#### THE DATA

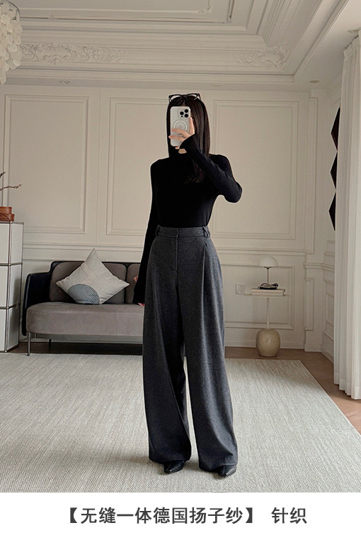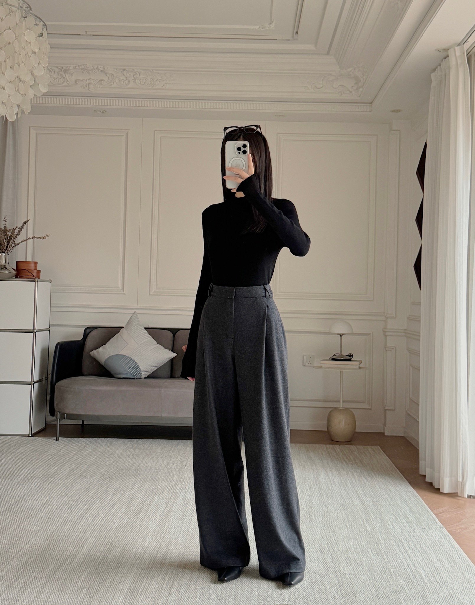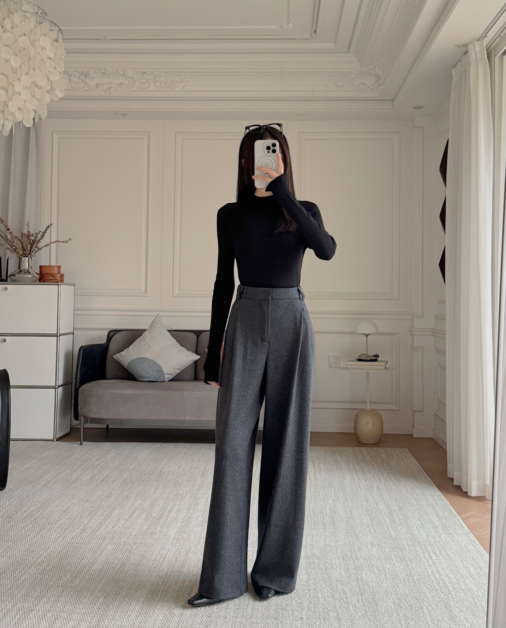 及地裤长自然垂坠,纵向拉伸线条,松弛有度!
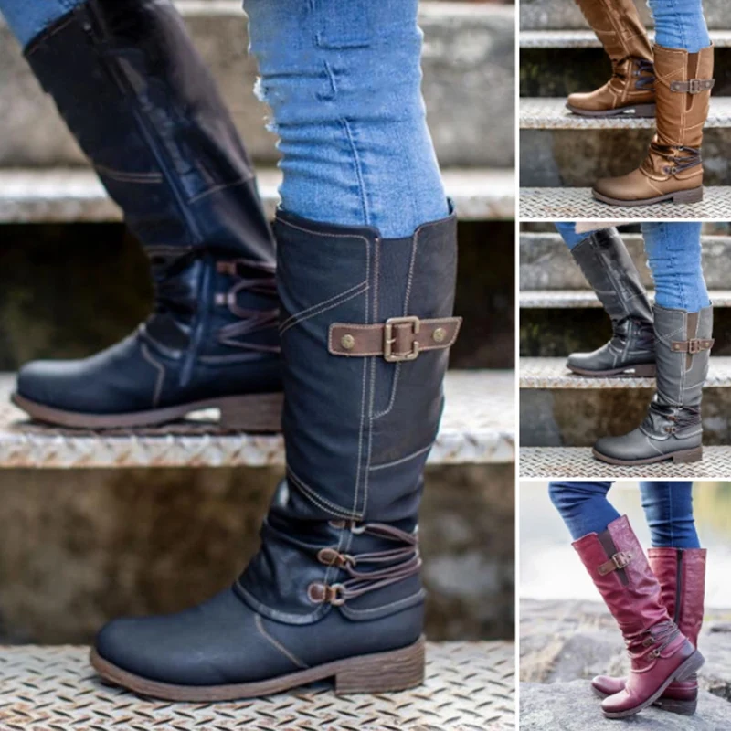 Новые женские сапоги до колена на танкетке, женская обувь на плоской подошве, кожаные сапоги на платформе и высоком каблуке, женская обувь на шнуровке, женские зимние сапоги
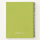 Kawaii illustration of two friends with bunnies on a lined notebook with editable text in the front. You can change the name of the notebook and the lower name text. The back is light green with our logo on.

########

> PROBLEM DETAILS
Reproduce the data exactly as it appears above. Pictures are to be left out.

> REPLY TO THE EXERCISE
 及地裤长自然垂坠,纵向拉伸线条,松弛有度!
 Новые женские сапоги до колена на танкетке, женская обувь на плоской подошве, кожаные сапоги на платформе и высоком каблуке, женская обувь на шнуровке, женские зимние сапоги
 Kawaii illustration of two friends with bunnies on a lined notebook with editable text in the front. You can change the name of the notebook and the lower name text. The back is light green with our logo on.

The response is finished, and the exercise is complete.